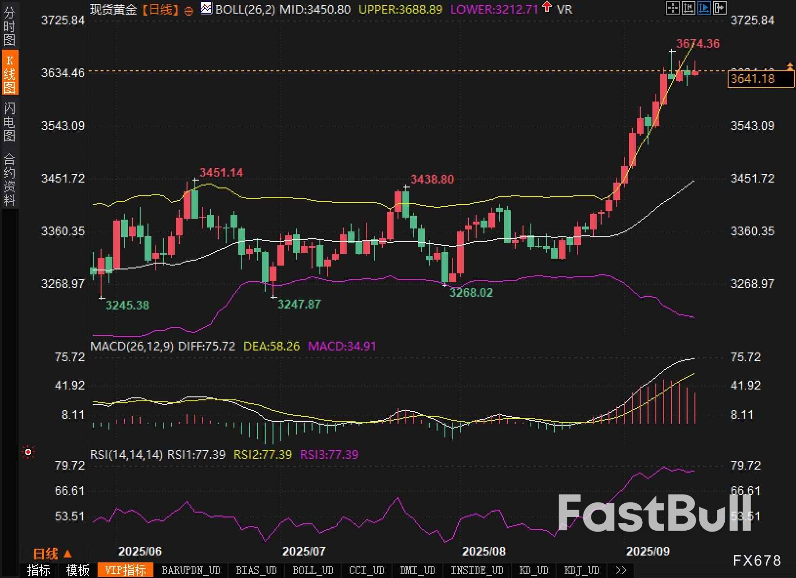 周五(9月12日),现货黄金延续上涨态势,盘中最高触及3656美元/盎司,欧洲时段略有回调至3641.18美元附近。本轮上涨行情自8月中旬启动以来,累计涨幅已超过200美元,展现出强劲的多头动能。
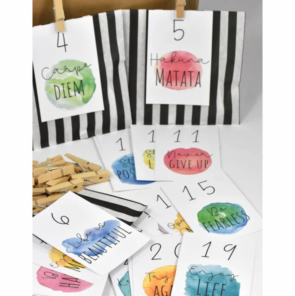 Adventskalender DIY mit Kraftpapiertüten, Zahlen und Holzklammern mir spirituellen Motiven
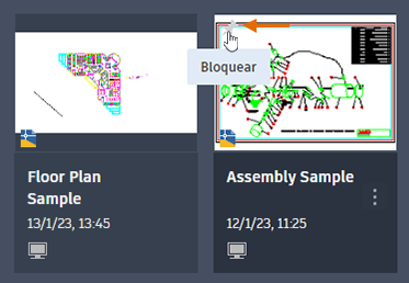 - El icono del menú Abrir aparece al colocar el cursor sobre una miniatura del dibujo. Haga clic para visualizar las opciones en el menú.

→ **WHAT IS EXPECTED**:
Would you copy out the material above exactly, without the pictures in it?

→ **COMPLETED TASK**:
 周五(9月12日),现货黄金延续上涨态势,盘中最高触及3656美元/盎司,欧洲时段略有回调至3641.18美元附近。本轮上涨行情自8月中旬启动以来,累计涨幅已超过200美元,展现出强劲的多头动能。
 Adventskalender DIY mit Kraftpapiertüten, Zahlen und Holzklammern mir spirituellen Motiven
 - El icono del menú Abrir aparece al colocar el cursor sobre una miniatura del dibujo. Haga clic para visualizar las opciones en el menú.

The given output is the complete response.